Merge matrices task is located in the Pre-analysis tools section of the toolbox and it can handle two scenarios: Merge cells and Merge features (Figure 1). To start, select the first data node on the pipeline (e.g. single cell counts) and then select the Merge matrices task.


Figure 1. Setup page for Merge matrices task

Merge Cells

To use the Merge cells option, the data matrices (one or more) that are to be merged with the currently selected one should have the same features (e.g. genes), but distinct cells. Push the Select data nodes button and Partek Flow will display you a preview of the pipeline; the data nodes that can be merged are shown in blue. Click on the data node that you want to merge with the current one and push the Select button. The selected node will be shown under the Select data nodes button (Figure 2). Repeat the procedure if you would like to merge additional nodes. If you made a mistake, use the Clear selection icon. Push Finish to proceed.


Figure 2. Using Merge cells option. The selected data node is shown under the Select data nodes button (in this example: Normalized counts). More than one node can be selected for merging

Merge Features


projects with multiple data types for each sample such as CITE-Seq, Merge matrices can be used to combine two data nodes with different data types into one data node. 

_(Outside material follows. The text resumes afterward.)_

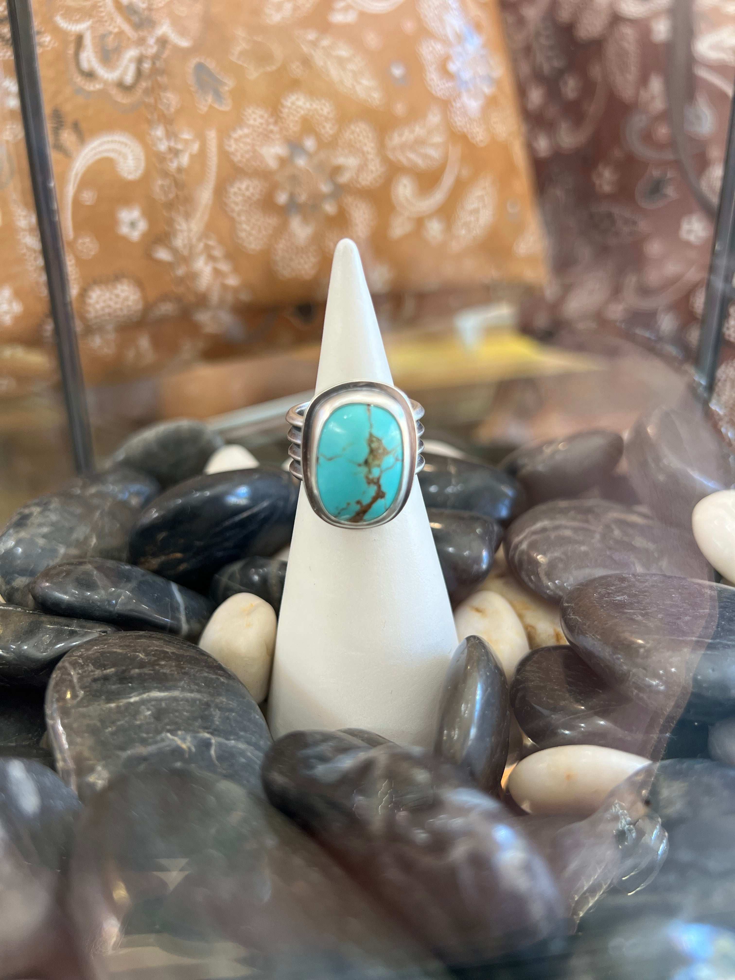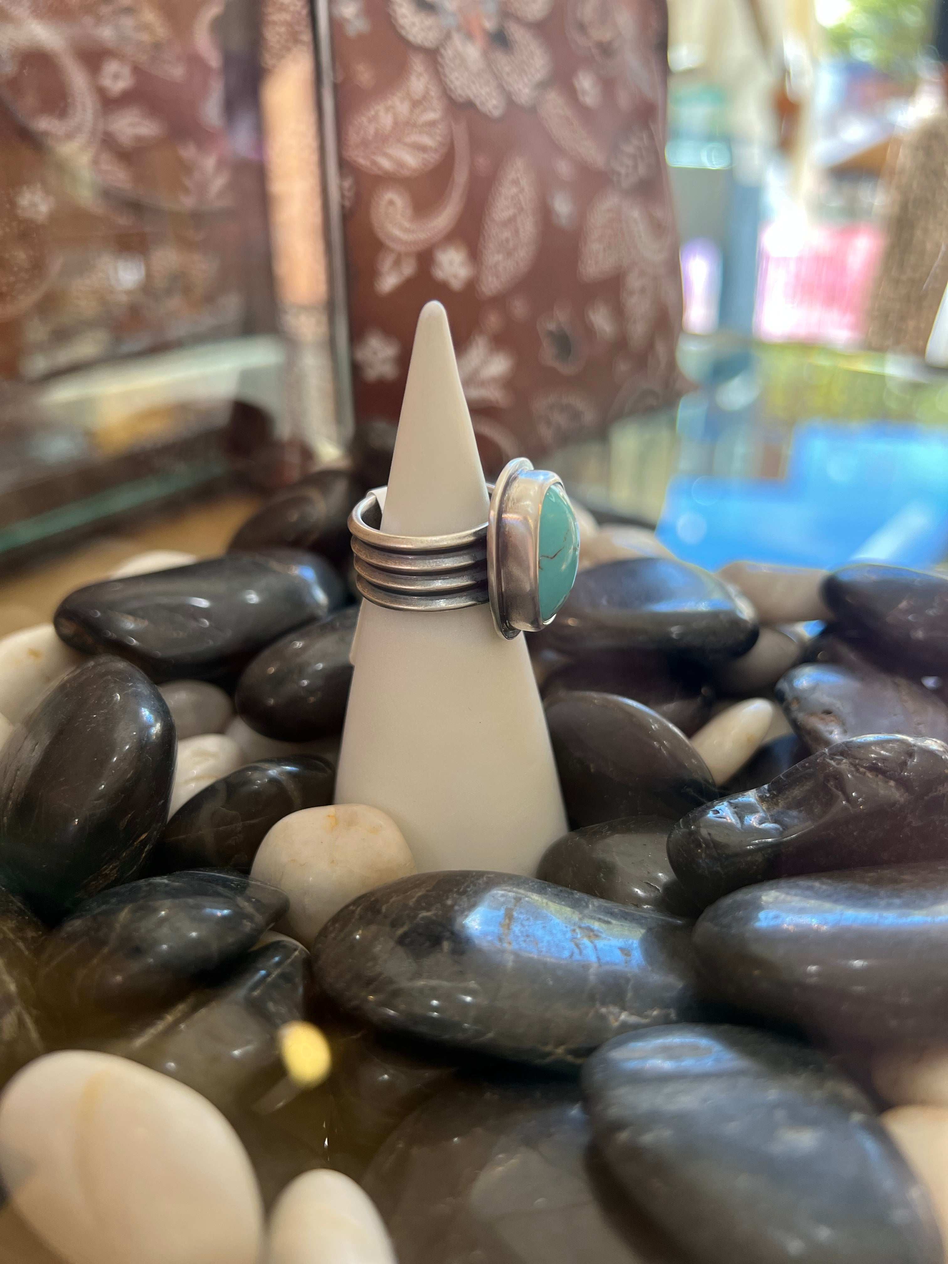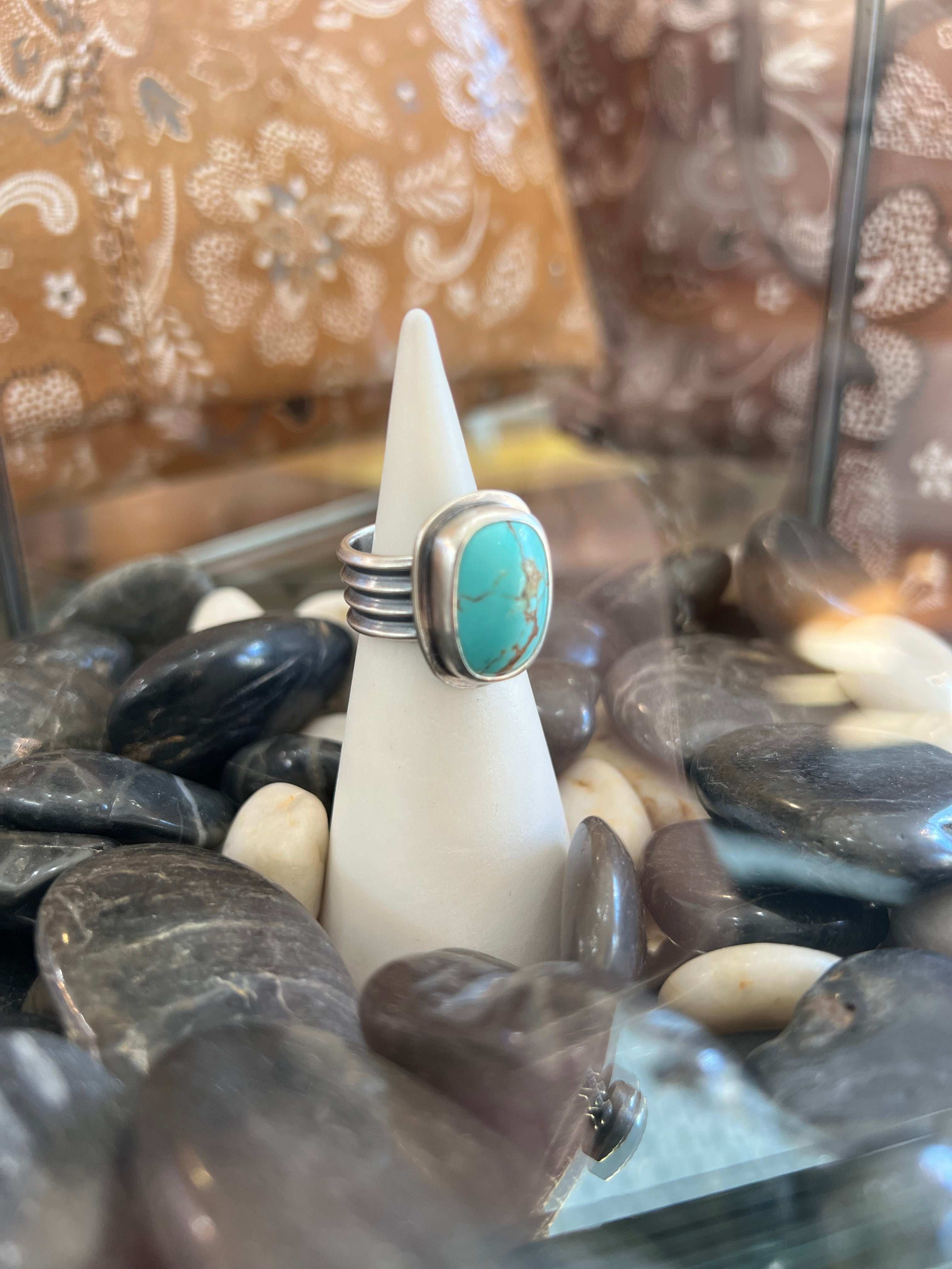 Turquoise in a sterling silver setting with a unique stacked silver band.

Prerequisites for running Merge matrices 

  1. There must samples with more than one type of data in the project
  2. There must be separate counts data nodes for each data type

Running Merge matrices

  • Click the first counts data node
  • Click the Pre-analysis tools section of the toolbox
  • Click Merge matrices 

A second data node of a different type than the first selected data node is chosen automatically. The second data node can selected manually using the Select data node button. 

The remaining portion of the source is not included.